I recall him being a staff before. The mag. staff to be precise. However he gave up on the position.


----------



## Deleted-236924 (Feb 10, 2013)

DS-X master race


----------



## RodrigoDavy (Feb 10, 2013)

Rydian said:


> 2.5. *Trim the 3DS - Hacking & Homebrew section to two stickies.*
> "lolrydian you just said that..." - Yes, but this section is one of the biggest problem areas because _the majority of threads being posted there are for flash carts_, when all the flash cart info is in the DS subforum. This section needs to have two main stickies, one being "Nothing plays 3DS ROMs", and the other simply being a redirect to the flash cart section.
> 
> "those already exist" - And they're being buried by the others. With all the other threads unstickied the big two would be at the top and get more attention.


 
I am sorry Rydian but I don't think this one suggestion you gave was the best one. For example, the "Nintendo 3DS Hack Compilation" thread really helped and is really useful since it kind of contained the huge amount of threads about yellow's hack and organized all the information in one place, and the thread "Post your ideas regarding how to hack the 3DS" after the title change finally made people post less topic in the likes of "why don't we try x to hack the 3ds?".

Truth is the 3DS has few sub-topics because it was still a new console when it was created. I think it would be better if it was created a whole new flashcart session for 3DS because in all honesty most of the posts have as subject "if and how the flashcart will work in the 3ds" and that's not a proper subject for neither the 3DS hacking section nor the DS flashcart section.


----------



## chyyran (Feb 11, 2013)

FlashcartHelper is dead for now, so that should be unstickied anyways.

Yep. Forums need a cleanup.


----------



## Another World (Feb 11, 2013)

the proposed solution does not address the issue, it simply sweeps it under the rug, so-to-speak, by dumping the problem into one giant forum. i understand the amount of work it would take to sort thousands of topics into their proper flash kit sub-section, and as no one in their right mind would do this, the obvious solution seems to be to dump everything into one area. i do not find this a valid solution based on our current search features and 3rd party kernel updates.

how do you associate a "please help" thread posted in the r4 section, specifically about an r4 issue, and a "pl0x halp" thread posted in the cyclods section specifically about the ievo, when they are now all in the same section? users continue to buy old cards, we see it time and time again. usually because they did not conduct the proper research before making a purchase, or perhaps because they simply have an old ds phat/lite and have their personal reasons. regardless of the reason, they are doing it. when they want a specific answer they should have a dedicated section to search in and not one giant bulk section. for that to happen we would need a much more specific way of searching forums for key words, phrases, tags, using logic searches, etc.

there is also the issue of 3rd party support to consider. retrogamefan updates and ysmenu fixes support cards which are no longer supported. while these cards may not have an officially updated bootloader, those cards do function. we can not simply move sections around because users choose to update their hardware making their supported flash kit unusable. that is a completely different issue which is adequately addressed by various topics and stickies. one which could be better addressed by a giant stickie that explains what works, what to do, etc.

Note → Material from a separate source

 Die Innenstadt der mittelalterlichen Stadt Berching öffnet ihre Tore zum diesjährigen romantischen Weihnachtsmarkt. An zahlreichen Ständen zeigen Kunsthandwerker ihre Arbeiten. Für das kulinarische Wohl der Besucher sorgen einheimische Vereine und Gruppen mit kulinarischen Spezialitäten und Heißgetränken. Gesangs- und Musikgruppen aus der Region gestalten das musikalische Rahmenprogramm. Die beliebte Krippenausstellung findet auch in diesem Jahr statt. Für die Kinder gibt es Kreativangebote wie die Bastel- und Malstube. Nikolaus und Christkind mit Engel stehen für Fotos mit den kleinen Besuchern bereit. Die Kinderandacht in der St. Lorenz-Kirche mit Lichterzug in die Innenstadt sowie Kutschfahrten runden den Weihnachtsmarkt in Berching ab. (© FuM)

while we are quickly reaching the point where only the SCDS2 will be purchased, we are not quite there. the optimal solution to this issue is one that we should have embraced from the very start. posting about a flash kit should never go in the 3ds section, as there are no specific 3ds flash kits. each and every one of those posts should have been moved, from the start, into their appropriate section. there should have been a message sent to all users stating that flash kit questions should go into their respective category and should never be randomly posted in a section for which the user assumes it might fit.

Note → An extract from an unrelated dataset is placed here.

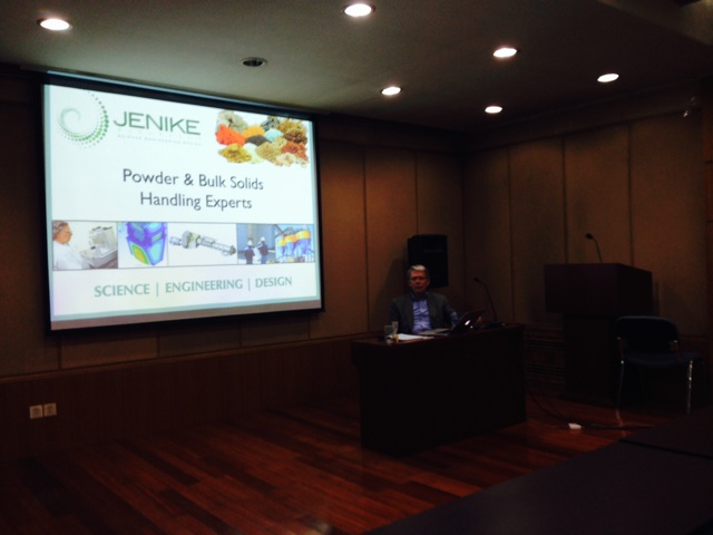交流活動(dòng)由天津公司工藝所戴恒杰主持?;顒?dòng)開(kāi)始后,天津公司總工程師俞為民首先對(duì)John先生的到來(lái)表示熱烈歡迎。隨后,John先生對(duì)JENIKE公司的歷史和其粉狀及散狀物料處理技術(shù)在工程領(lǐng)域的應(yīng)用實(shí)例進(jìn)行了簡(jiǎn)要介紹,其悠久歷史以及在全球范圍內(nèi)的影響力給大家留下深刻影響。John先生還通過(guò)簡(jiǎn)單的試驗(yàn)器皿生動(dòng)形象地演示了不同顆粒物料卸料離析和不同角度卸料下物料流動(dòng)形式的不同,結(jié)合正在合作的海德堡項(xiàng)目調(diào)配倉(cāng)以及轉(zhuǎn)運(yùn)站溜子的設(shè)計(jì),講解了該項(xiàng)目粉狀及散狀物料處理的過(guò)程。此外,John先生還詳細(xì)介紹了他們的工作流程:首先是對(duì)各種類(lèi)型原材料的取樣和收集,然后對(duì)物料的各種物性參數(shù)進(jìn)行實(shí)驗(yàn)室測(cè)試,接下來(lái)通過(guò)物理或者計(jì)算機(jī)模擬建立模型,最后通過(guò)模型指導(dǎo)設(shè)計(jì)。

i fully agree that stickies should be looked into, in fact, they should be continually updated whenever possible. the worst thing we can do for our members is to stickie outdated information. the problem is that many users leave the site or simply lose interest in keeping their stickied topic updated. for this reason i have tried to move some AK related topics to the WIKI and stickie a message that points to that article. this way the information is always represented and highlighted, but hosted in a way that everyone can update it for the good of the community. i would propose that a discussion ensues where we debate the usefulness of stickie topics, decided which should be kept, and then move those to the GBAtemp WIKI. its either that or we need to find someone who can be trusted to keep the stickies updated. sadly, based on the track record of many community projects, that will eventually fail as a solution as well.

-another world


----------



## Rydian (Feb 11, 2013)

RodrigoDavy said:


> I think it would be better if it was created a whole new flashcart session for 3DS


*All the flash cart info in the 3DS section would be the same as the info in the DS section.*  The DS section contains all the info, so that's where people need to be directed.

They won't go there on their own because in their mind they're not looking to hack the DS, they're looking to hack the 3DS.  Like, if I wanted to hack a PS3, I wouldn't go into the PS2 forum first.  If I was looking to hack a 360, I wouldn't go into the original XBox forum, etc.



Another World said:


> the proposed solution does not address the issue, it simply sweeps it under the rug, so-to-speak, by dumping the problem into one giant forum.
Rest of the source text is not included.